Passive location techniques are used for various scenarios, such as telecommunication pseudobase station discovery, and aviation interference investigation. Traditional passive location algorithms  mainly include angle of arrival (AOA) , difference of time arrival (TDOA) , and frequency difference of arrival (FOA) . These algorithms locate transmitters after estimating the signal parameter called the two-step positioning methods. The direct position determination (DPD) [5, 6] uses observations from all the stations to locate the transmitter without estimating the signal parameters, which outperforms two-step methods in low signal-to-noise ratio (SNR) scenarios .
The geometric configurations of stations can significantly affect the positioning precision , both in two-step and DPD positioning algorithms. In the literature, some existing studies tried to obtain general principles in geometric configurations from massive experiments [9, 10]. And, only some rough conclusions have been drawn. For instance, all stations should not line up, or stations should form a triangle to surround the transmitter. There also exist several studies that have employed heuristic methods, such as genetic algorithm (GA)  or particle swarm optimization (PSO) , to search the optimal geometry. These methods are based on empirical models in which signals are assumed to propagate ideally. However, in the real world, an electromagnetic environment changes abruptly with the positions of stations due to various factors, such as signal frequency, interference, attenuation, multipath, obstacles, and noises. These factors can hardly be described fully in empirical models, leading to suboptimal geometric configurations and low positioning precision. Therefore, it is vital to adjust geometric configuration to fit the sophisticated electromagnetic environment, so as to improve precision in a passive positioning task. This problem is regarded as a sequential decision-making problem in a real-world complex electromagnetic environment, rather than an optimal geometry searching problem based on empirical models.

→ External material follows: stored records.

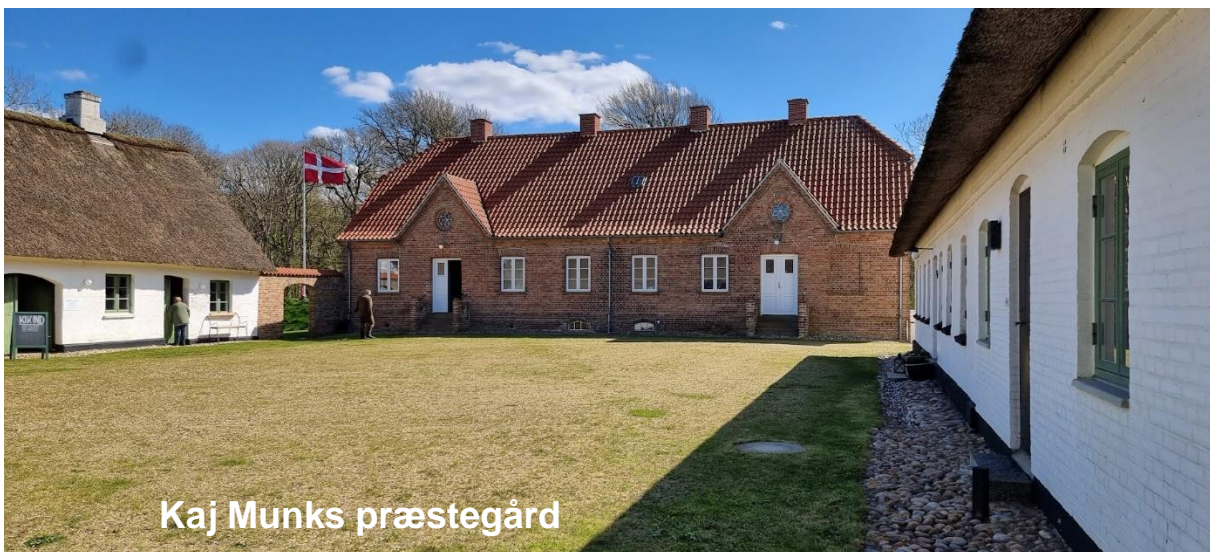
Kaj Munks præstegård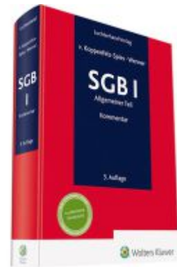
SGB I Kommentar Ladenpreis: 101,80EUR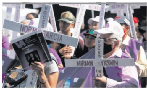
EL ESTADO ocupa el lugar 6 nacional por estos crímenes.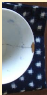
金継ぎ...大切な器がよみがえる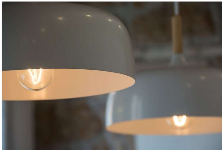
Vedi Scheda Progetto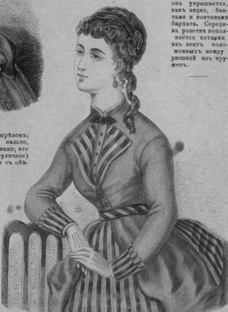
37. Высокій лѣвъ съ полнотами отворотами

кружево розетки; она удерживается, какъ видно, бантами и кончиками бархатца. Середина розетки поднимается петлями изъ ленте положенныхъ между розеткой изъ кружева.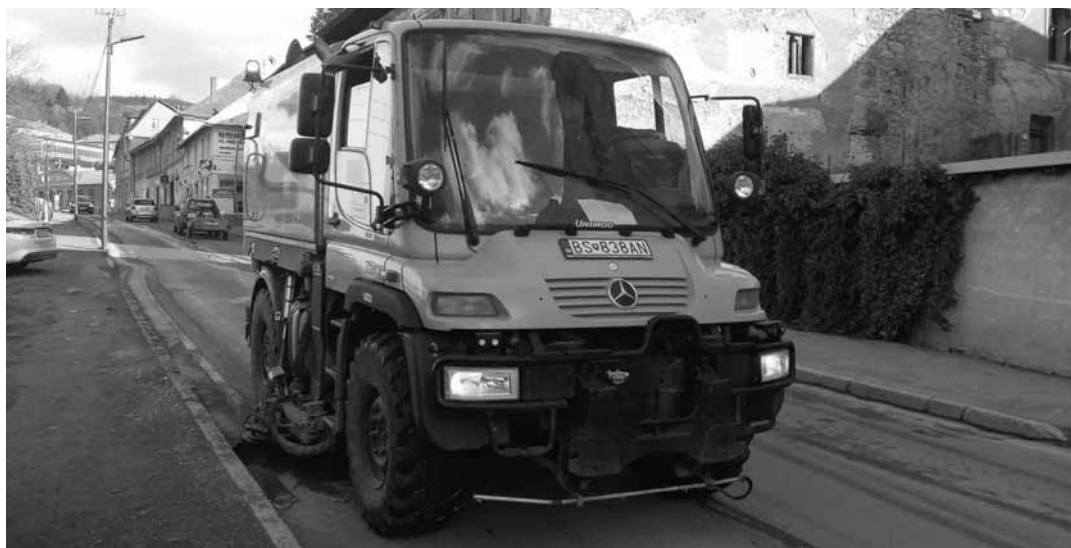
Čistiace vozidlo v uliciach mesta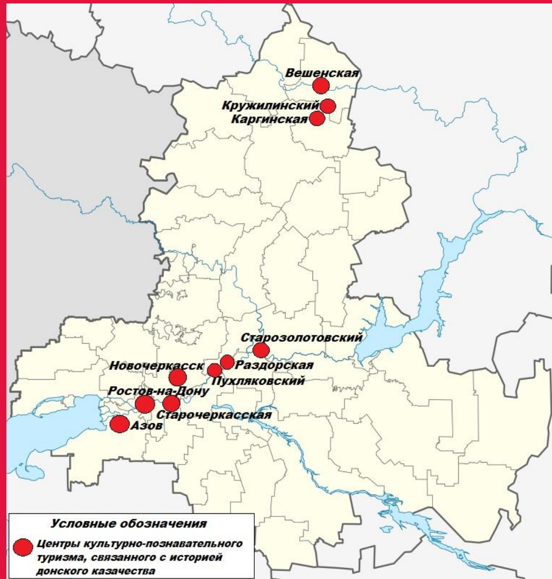
(рис.1 – картосхема центров культурно-познавательного туризма Ростовской области, связанного с историей донского казачества; составлено автором)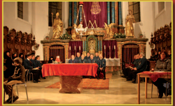
Adventsingen mit Krippenspiel

Dankeschön an alle, die die Advent- und Weihnachtszeit mit ihrem Engagement bereichern!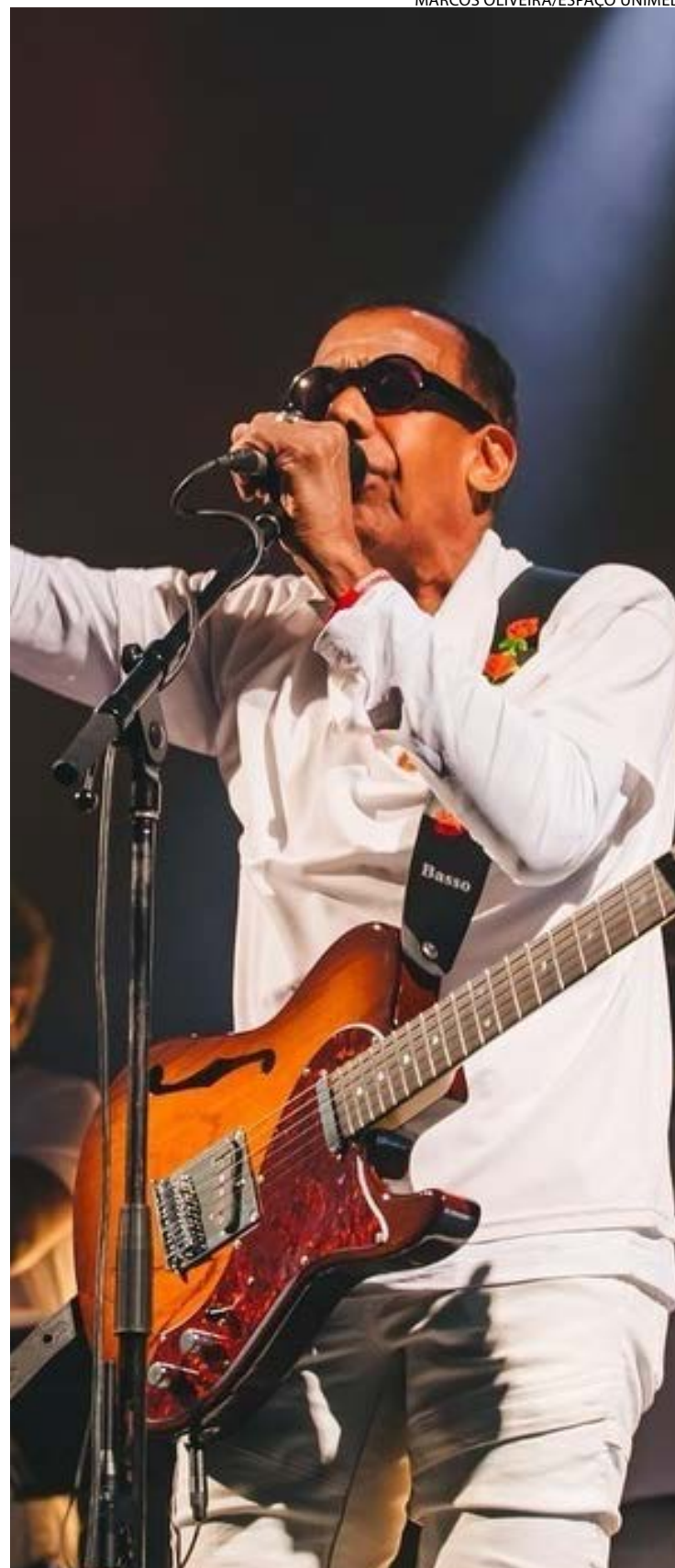
Compositor criou trilha sonora do orgulho nacional em discos clássicos

Ainda que seguisse para sempre como solitário homem-movimento — para usar expressão do crítico Pedro Alexandre Sanches —, tudo se transformaria em 1967. Foi quando enfiou-se na ala militante da MPB por apreciar o iê-iê-iê e miscigenar samba e música afro-americana.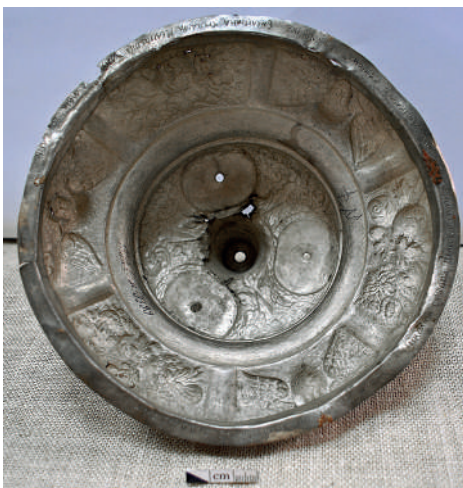
Рис. 1. Піддон хреста з вкладним написом до реставрації.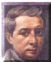
Autorretrato Delesio Antonio Berni Rosario Santa Fe Argentina 1905/1981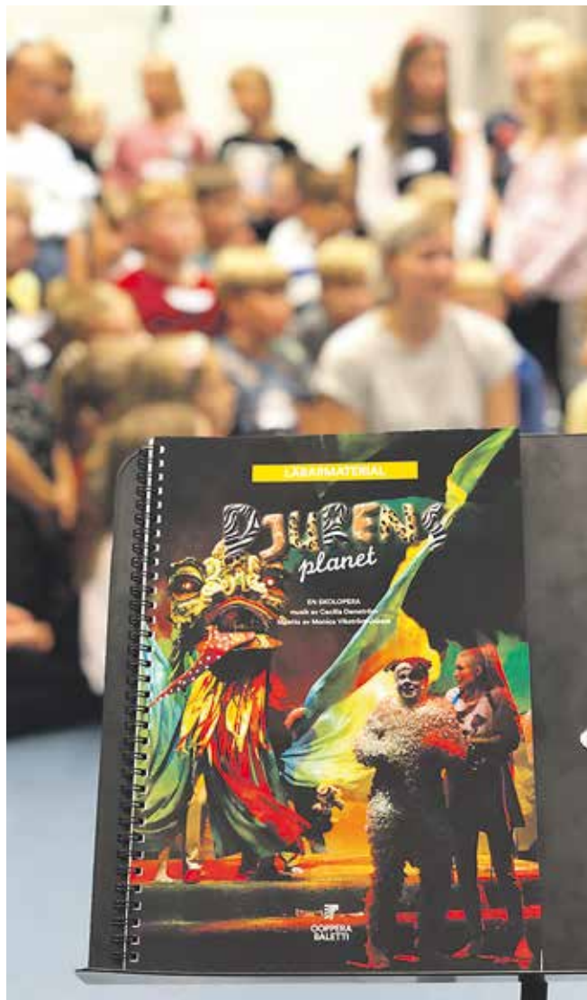
29. lokakuuta on Granhultin oppilaiden aika nousta Kansallisoopperan Almi-salin näyttämölle. Nyt harjoitellaan esitystä ahkerasti.

Koulun oppilaat saavat olla katsomassa kenraaliharjoitusta, joka pidetään klo 14 oopperan esittämispäivänä. Illalla klo 18 on yleisöesitys. Koulu myy tilaisuuteen lippuja.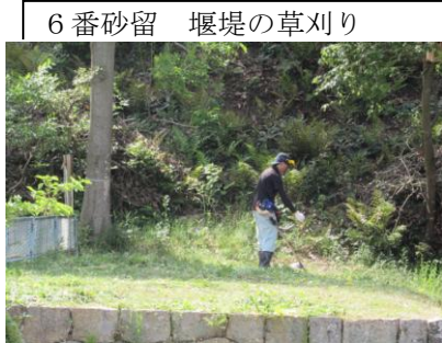
6番砂留 堰堤の草刈り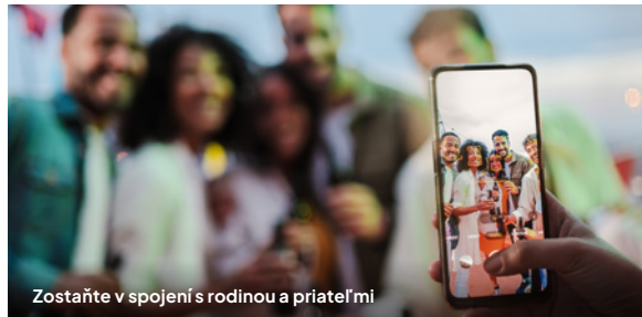
Zostaňte v spojení s rodinou a priateľmi

150 minút na osobu platné pre všetky plavby. Toto je sprístupnené prostredníctvom login-u, personalizovaného na pasažiera (jedno aktívne pripojené zariadenie v okamžiku) a je dostupný po celej lodi. Internet je dostupný na všetkých zariadeniach schopných pripojenia k Wi-Fi. Balíček neumožňuje streaming. Ďalšie zariadenia k dispozícii k dokúpeniu počas pobytu na lodi. Pre záujemcov sú v aplikácii Norwegian Cruise Line App / My NCL k dispozícii aj upgrade balíčky Wi-Fi na zakúpenie (najnovšie informácie nájdete na ncl.com/onboard-packages ).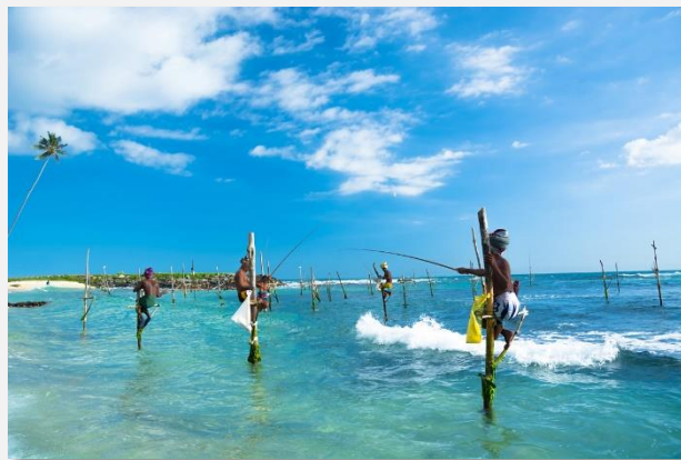
Ψαράδες επί το έργον

Το παραπάνω πρόγραμμα είναι ενδεικτικό. Το τελικό ενημερωτικό αποστέλλεται περίπου 3-5 ημέρες πριν από την εκάστοτε αναχώρηση.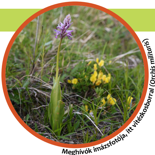
Meghívók imázsforója, itt vitékosborral (Orchis militaris)

Ajánlott információk az önkéntes akciókra való meghívókhöz: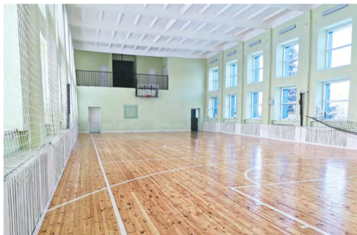
Спортивный зал для занятий баскетболом и волейболом до и после ремонта.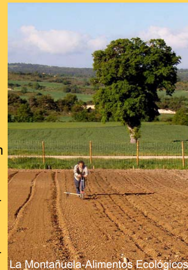
La Montañuela-Alimentos Ecológicos

Pone el ahorro solidario y ético al alcance de los jóvenes y las personas con pocos ingresos para que la cuantía inicial no sea un freno a la ilusión y a la posibilidad de colaborar con este proyecto radicalmente transformador de la sociedad.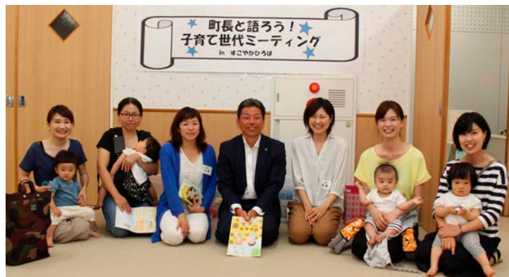
▲子育てママたちと町長

7月3日、保健センター3階すこやかひろばで、子育て意見交換会、町長と語ろう！子育て世代ミーティング in すこやかひろば」を開催しました。 これは、子育て世代の意見を直接把握する機会を設けることで、ニーズを把握し、今後の子育て施策に反映させることを目的に、今回初めて開催しました。 当日は、子育てママ10人が参加し、子育てに関する活発な意見交換がなされました。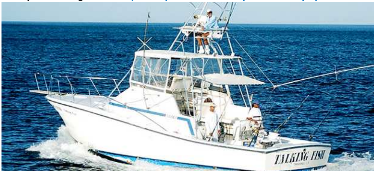
Talking Fish 38'

Talking Fish is our 38' Topaz Express, powered by twin Detroit turbo diesels. This superbly set up boat is fully equipped with Penn International, Shimano and Accurate tackle, depth sounder and GPS. Comfortably seating 6 persons in the shade, it features a large cockpit with full size fighting chair and double spreader outriggers. The cabin has a V-berth and a private head with shower.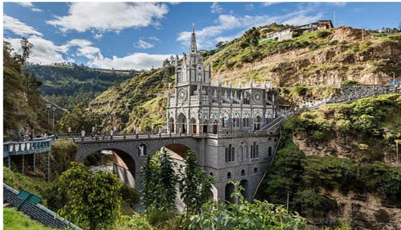
Immagine del giorno

Il santuario de Las Lajas, un luogo di culto e pellegrinaggio costruito nel canyon formato del fiume Guaitara, nel comune di Ipiales in Colombia nel 1750 sul luogo di un'apparizione mariana.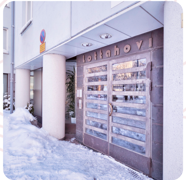
Asuntotoimikunnan tehtävänä on huolehtia sekä kiinteistöjen kunnosta että asukastyytyvyydestä.

Avustustoimikunta kokoontui tilikauden aikana 12 kertaa.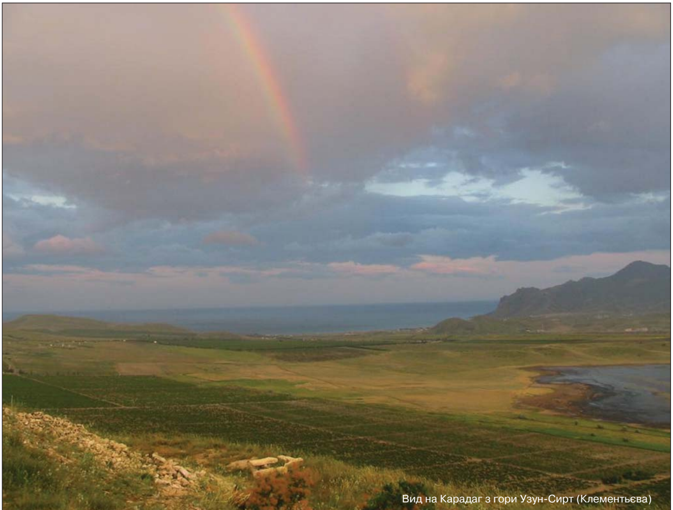
Вид на Карадаг з гори Узун-Сирт (Клементьєва)

Якось я відпочивав у Туреччині, поблизу Анталії, за системою “все враховано”. Тепло, градусів близько 35-40, знову ж таки пальми, світло-сіре море зливається з таким самим небом (Середземне море в перекладі з турецької — біле, через величезні випаровування). Освоєна зовсім недавно пустеля, де ніколи не вирувало життя. Чисто, сучасно, стерильно, причому в усіх значеннях. На третій день почав пити коньяк і вино, на які вдома й задарма уваги не звернув би. Потім зловив себе на тому, що став милуватися сучітками нових росіян у золотих ланцюгах із сонечками в два кіло з німецькими електриками третього розряду, відпочивальниками таких самих номерів, прикрашеними аналогічними ознаками інтелекту. І тихо радів відкриттю, що ми всі — люди, і між нами так багато спільного! І наскільки спрощується життя, коли в ньому уже “все враховано”.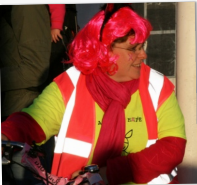
SAFETY & CLEANUP CREW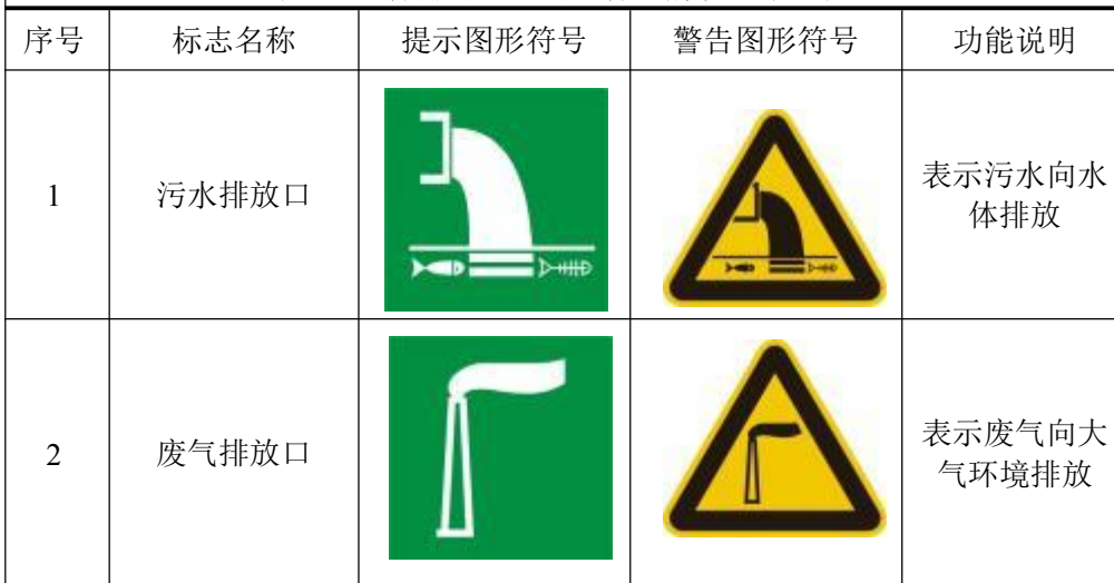
表 5-1 各排污口 (源) 标志牌设置示意图

根据国家标准《环境保护图形标志—排放口 (源)》(GB15562.1-1995)、《环境保护图形标志—固体废物贮存 (处置) 场》(GB15562.2-1995) 和国家生态环境部《排污口规范化整治要求》(试行) 的技术要求, 企业所有排放口 (包括水、气、声、渣) 必须按照“便于采样、便于计量检测、便于日常现场监督检查”的原则和规范化要求, 设置与之相适应的环境保护图形标志牌, 绘制企业排污口分布图, 同时对污水排放口安装流量计, 对治理设施安装运行监控装置、排污口的规范化要符合有关要求。图形符号见下表。

Reinforcement learning (RL) is a viable and elegant approach to yield an optimal policy for sequential decision-making problems . The tricky electromagnetic environment can be tracked by RL in a trial-and-error paradigm. The nonlinear and parameterized deep neural network (DNN), providing the compact and powerful representation of experiences, can adapt to the complicated electromagnetic spatial distribution accurately. Therefore, this paper addresses the problem of finding optimal geometric configuration in the passive location system through deep reinforcement learning (DRL) .
Under the framework of DRL, a station is used as a mobile agent. The terms’ station and agent are hereafter used interchangeably which can receive signals and decide where to go. Agents need to optimize the geometric configuration collaboratively to improve the positioning precision, and they can share information via communication channels to facilitate the collaboration. However, the communication traffic matters when the number of agents increases, especially in adverse communication conditions.
This paper proposes an efficient multiagent reinforcement learning algorithm to optimize the geometric configuration for passive location systems. To this end, each station is regarded as a mobile agent with all agents having a collective objective of finding an optimal geometry to improve the positioning precision. To facilitate the collaborations among agents, they are trained based on value function decomposition, which can solve the credit assignment problem among agents implicitly. For a vice station, it needs to obtain information from other stations to improve the evaluation of the situation and promote the quality of decisions on where to go. Meanwhile, it is necessary to reduce the communication traffic due to transmission and processing challenges. A mutual information objective function then is employed to constrain the messages sent to vice stations to ensure the expressiveness and conciseness. The proposed method is evaluated on simulated DPD positioning tasks in a complicated electromagnetic environment. The results demonstrated that the agents can find better geometric configurations than existing methods.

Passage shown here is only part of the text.